Most of my refactoring only affect the trunk of the code. I try to have all the business logic for a program or service represented in a single file. If the file gets too big, I create new modules 'branches' and move the most generic logic to those branches. My top level file tells the full story of the program/service. Anyone can open that file and, based on the module names and method names that are being called, they can figure out what happens and when. All the events, endpoints, logging, access control and other externally observable behavior is wired together in that file.

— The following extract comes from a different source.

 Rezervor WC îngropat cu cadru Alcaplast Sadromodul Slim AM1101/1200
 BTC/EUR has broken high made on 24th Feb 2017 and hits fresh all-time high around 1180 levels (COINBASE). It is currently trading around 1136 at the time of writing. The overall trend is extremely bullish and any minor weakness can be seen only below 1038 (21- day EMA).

If the file has been abstracted to the maximum amount possible (with all generic functionality moved to branch modules) and it's still too big, it may be time to switch to a micro-service architecture. Break up the trunk into 2 parts and we basically end up with 2 apps/services. This rarely happens though. With the right level of abstraction, you can fit a massive amount of user functionality in a single main file. By the time the main file's code becomes overwhelming, the application's UX becomes overwhelming for the end user too... Time to split up into multiple apps.
Think of how complicated UX would be if a video-editing software tried to support image editing as well (e.g. to make fancy title screens or UI overlays). It would become too much for the user. Just make two different applications; one for video editing, one of the image editing. You can integrate them in a seamless way, but they should be different apps.

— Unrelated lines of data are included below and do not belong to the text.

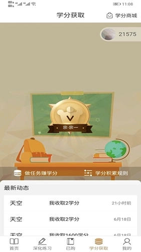今天得到的学分,得等第二天才能在“学分获取”页面去摘取。另外,我们互相关注的好友也能摘取我们获得的学分。
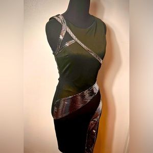 Sexy Bebe Addiction Bodycon Cocktail Dress, Stretchy, Tight Fit, Black & Silver-Never Used, Side Zippered,
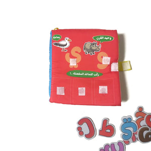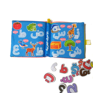 هذا الكتاب يساعد الطفل على التعرّف على الحروف العربية من خلال اللعب، بفضل قطع الحروف القابلة للإزالة وإعادة التثبيت، والصفحات المصممة خصيصًا لربط كل حرف بصور وكلمات تبدأ به.
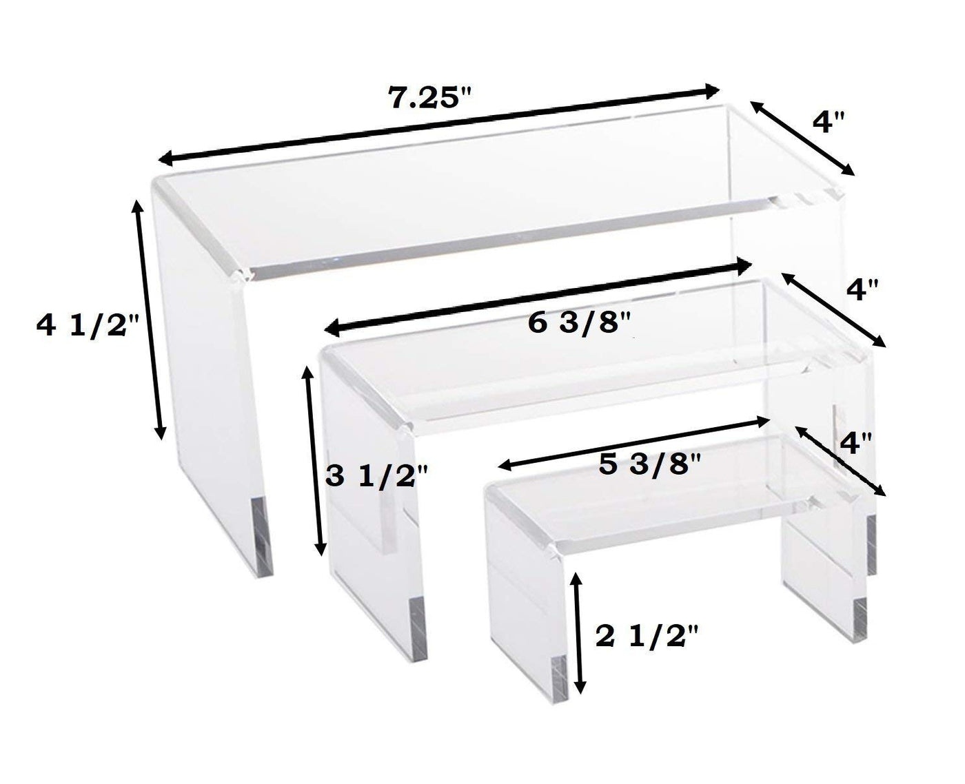 Rj Displays-3 Piece Each Acrylic Risers In Graduated Heights Of 5 3/8'' Inch, 6 3/8'' Inch, 7 1/4'' Inches Wide Crystal Clear Acrylic Display Riser Set, Acrylic Display Stand (6 Piece Set. )Use These Rises For Center Pieces, To Displays Figures, Collectibles, Cupcakes, Sweets, Food Trays, Jewelry Etc. Very Sturdy And Crystal Clear. Will Not Obstruct. Good Verity Of Sizes And Heights. With Different Heights All Products Displayed Will Show. Comes With Micro Fiber Cleaning Cloth
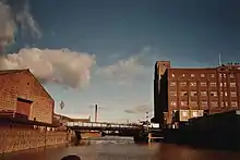 - ↑ Rishworth, Ingleby & Lofthouse Ltd. had Swan Mill built 1897 onwards.[23] Capacity was doubled by the First World War. In 1921 the company merged into Spillers. The mill was badly damaged during the Second World War. Reconstruction of the mill took place from 1948–53, including a reinforced concrete silo.[24][25]
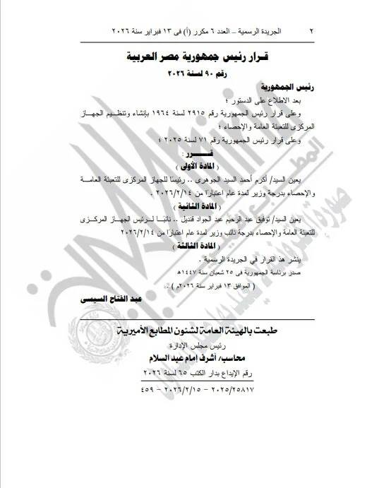أصدر السيد الرئيس عبد الفتاح السيسى، القرار رقم 90 لسنة 2026 بتعيين أكرم أحمد السيد الجوهرى، رئيسًا للجهاز المركزى للتعبئة العامة والإحصاء بدرجة وزير لمدة عام اعتبارًا من ٢٠٢٦/٢/١٤ .
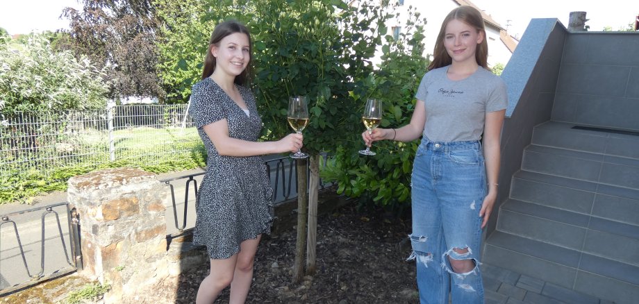 Stella Fries (links) und Lilly Scherer (rechts) freuen sich auf ihre neuen Aufgaben als Wallufer Weinkönigin und Weinprinzessin.
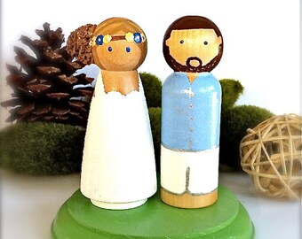 Wedding cake topper bride and groom wood peg doll set, has been hand painted and sealed using non-toxic materials. The sealer is non-yellowing and is water resistant,
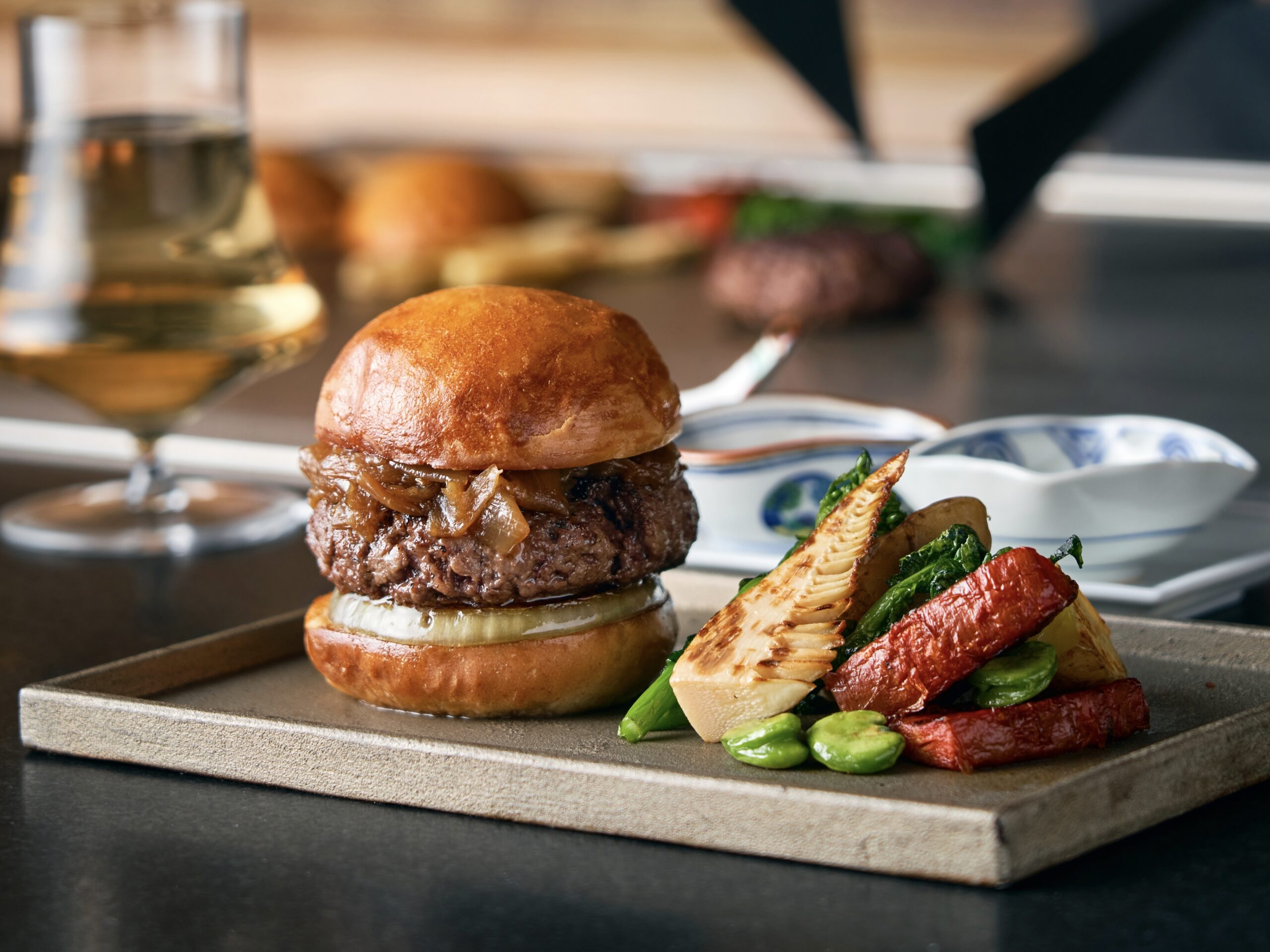 限定メニューとして、京都のブランド牛を中心とした和牛パティを使った「鉄板焼き 黒毛和牛100%バーガー」が登場します。目の前の鉄板で焼き上げるスタイルで、旬の野菜もあわせて提供されます。仕上げの工程を目の前で見ることができ、工芸作品の制作過程と通じる「つくる」姿勢を感じられる内容です。
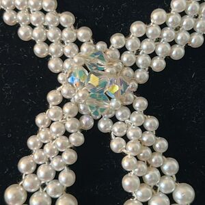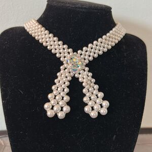 Vintage Faux Pearl Bow Necklace with AB Beaded Accent - Unsigned

This long comment doesn't contradict my point because "The trunk ... changes very frequently". Requirements change, and thus, code changes. There is nothing you can do about it. It's cool when everything is modularized enough that you never need to change some parts of the code. But it doesn't mean those parts of the code are better than code that changes often.
Now, if you think a little more about this, there is a huge risk that some of your leaf code should be in a library. For example, SQL builders, ORMs, UI kits, markdown formatters, etc. When it's a publicly available package used by many devs around the world, the code in it often changes. The reason why your leaf code doesn't change is that you don't have a proper investment return for small changes because you are a single user. Code in libraries handles more useful use cases, it handles more edge cases, it provides better API, and it contains fewer bugs than code in leaf nodes. And all that's while code in libraries is constantly changed. And code in leaf nodes... I would say that the proper description for it is "used, but dead".
Most of my refactoring only affect the trunk of the code. I try to have all the business logic for a program or service represented in a single file. If the file gets too big, I create new modules 'branches' and move the most generic logic to those branches. My top level file tells the full story of the program/service. Anyone can open that file and, based on the module names and method names that are being called, they can figure out what happens and when. All the events, endpoints, logging, access control and other externally observable behavior is wired together in that file.
If the file has been abstracted to the maximum amount possible (with all generic functionality moved to branch modules) and it's still too big, it may be time to switch to a micro-service architecture. Break up the trunk into 2 parts and we basically end up with 2 apps/services. This rarely happens though. With the right level of abstraction, you can fit a massive amount of user functionality in a single main file. By the time the main file's code becomes overwhelming, the application's UX becomes overwhelming for the end user too... Time to split up into multiple apps.
Think of how complicated UX would be if a video-editing software tried to support image editing as well (e.g. to make fancy title screens or UI overlays). It would become too much for the user. Just make two different applications; one for video editing, one of the image editing. You can integrate them in a seamless way, but they should be different apps.